By Tom Kaiser

Raw numbers can be hard to come by in such a new industry, especially one dominated by cutthroat competition banking on explosive predictions to keep the venture capital flowing. But research from 1010data on the restaurant and meal delivery categories offers a piping fresh look at who’s up, who’s down and which food-delivery upstarts are retaining customers after the initial trial period.

Starting with restaurant delivery, New York-based 1010data analyzed sales from October through December of 2016 for the 10 top restaurant delivery services. Here’s what the research tells us: Overall, the 10 delivery services saw their sales grow 43% year over year, and were up 18% compared with the third quarter of 2016.

In terms of market share, Seamless by far leads the pack with more than a quarter of the market; GrubHub came in second. Combined, these two players accounted for more than half of all sales in the fourth quarter, which is double the share of their closest competitors, Eat24 and UberEats. DoorDash is the fifth largest provider, closely followed by Postmates. The final four players with a much smaller share are Caviar, Foodler, Delivery.com and Munchery.

While UberEats is still a mid-pack player in this list, it entered the market two years ago and has experienced explosive year-over-year growth as compared to the fourth quarter of 2015. During the year, UberEats had 17 times more sales growth than its closest competitor, DoorDash. 1010data attributed the dramatic spike to UberEats launching as a separate app, rather than being a component of the Uber car-hailing app.

Customer frequently was also analyzed, and the finding was that regardless of the third-party delivery service used, customers placed orders at least once a week. Delivery.com and Seamless lead the frequency pack at two-times a week.

“Assuming that the average person eats 21 meals in a week, restaurant delivery is responsible for 5 to 10% of customers’ meals in a given week,” the study found. In an interview with Senior Vice President of Data Insights for Food on Demand at 1010data, Natalie Seidman, stressed that those figures are specific to third-party delivery customers, not the U.S. population as a whole.Because the average American eats out 4.5 times a week, third-party restaurant delivery has captured a quarter of dined out meals—not bad for a bunch of upstarts.

Because the average American eats out 4.5 times a week, third-party restaurant delivery has captured a quarter of dined out meals—not bad for a bunch of upstarts.

Adventurous meal-kitters

As for meal delivery providers, it’s no surprise that Blue Apron, HelloFresh and Plated are the leading brands in an industry that’s seen its sales grow more than 500% since 2014, according to 1010data’s latest look at the category. Blue Apron has 71% of the total market, followed by HelloFresh at 23% and Plated at 6%.

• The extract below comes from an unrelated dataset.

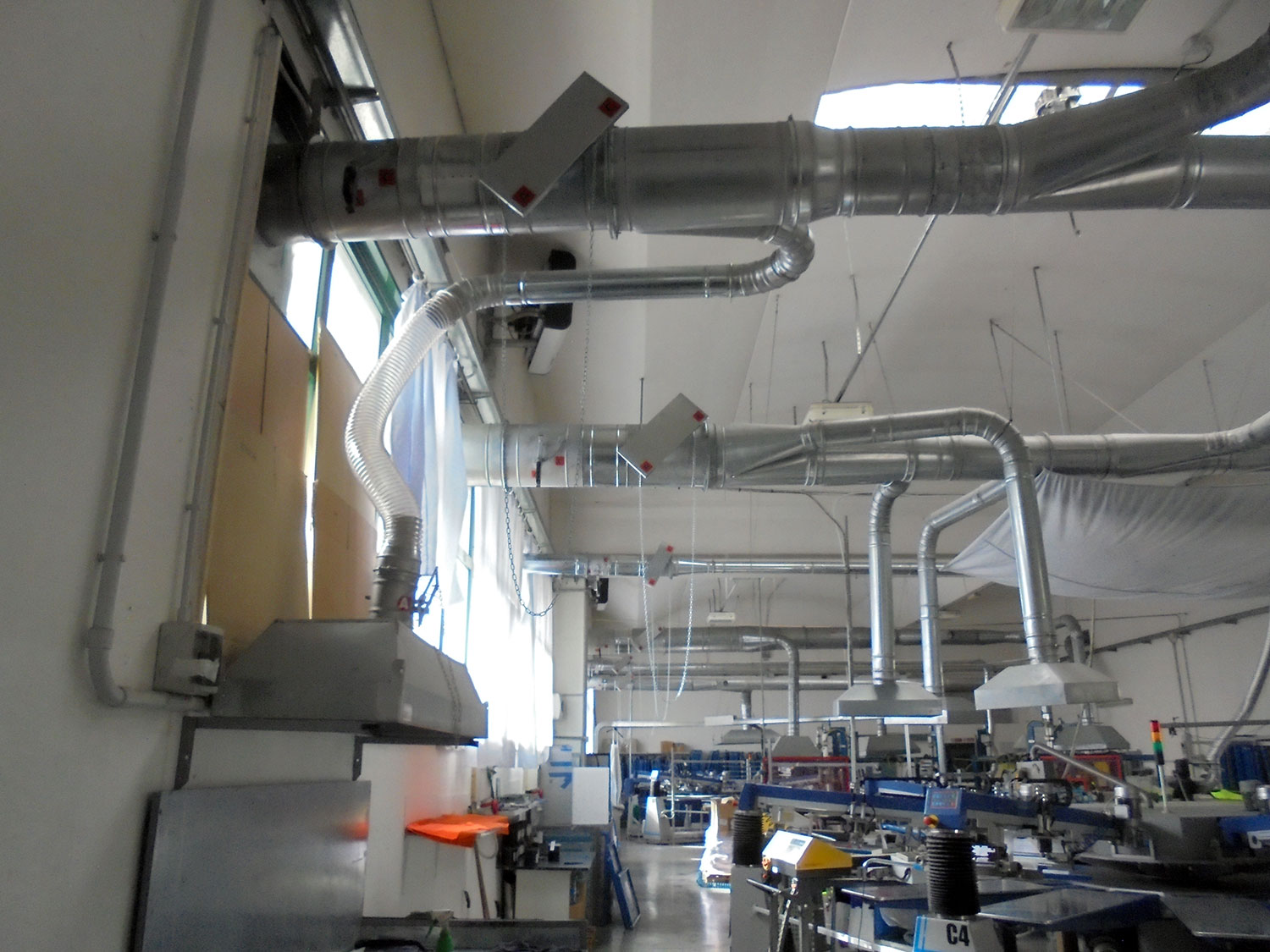 Gli impianti di aspirazione nel comparto calzaturiero vengono installati allo scopo di eliminare o ridurre il rischio derivante dalla evaporazione dei solventi organici contenuti nei mastici usati per l’ incollaggio e utilizzati per operazioni di pulizia sul prodotto.

Repeat customers are key to the meal-kit services phenomenon, so perhaps 1010data’s most telling finding is that 77% of customers who tried out such services during the past two years placed two or more orders, and 48% placed five or more. By this measure, Blue Apron is far ahead of the pack, with more than 3-times the sales of its closest competitor from January 2014 to September 2016.

Moving beyond market share to brand loyalty, 89% of Blue Apron’s customers have made repeat purchases from Blue Apron. Those numbers fall slightly for its closest competitors, 73% for HelloFresh and 60% for Plated. The study added that Plated’s customers are the most adventurous, with 8% trying all three services over the last two years.

Customers begin to trail off, according to 1010data, after about two weeks, which is when Blue Apron saw the sharpest decline in returning customers—it was three weeks for HelloFresh.

Blue Apron may be “the cream of the crop” right now, but the surveyors add that new, more diversified players like Purple Carrot and PeachDish are courting vegans and lovers of southern-style comfort food.

In short, for both meal delivery and third-party restaurant delivery services, it’s far too easy to determine final winners and losers as curious customers test the waters in both categories. May the creativity and investor equity continue to flow like wine.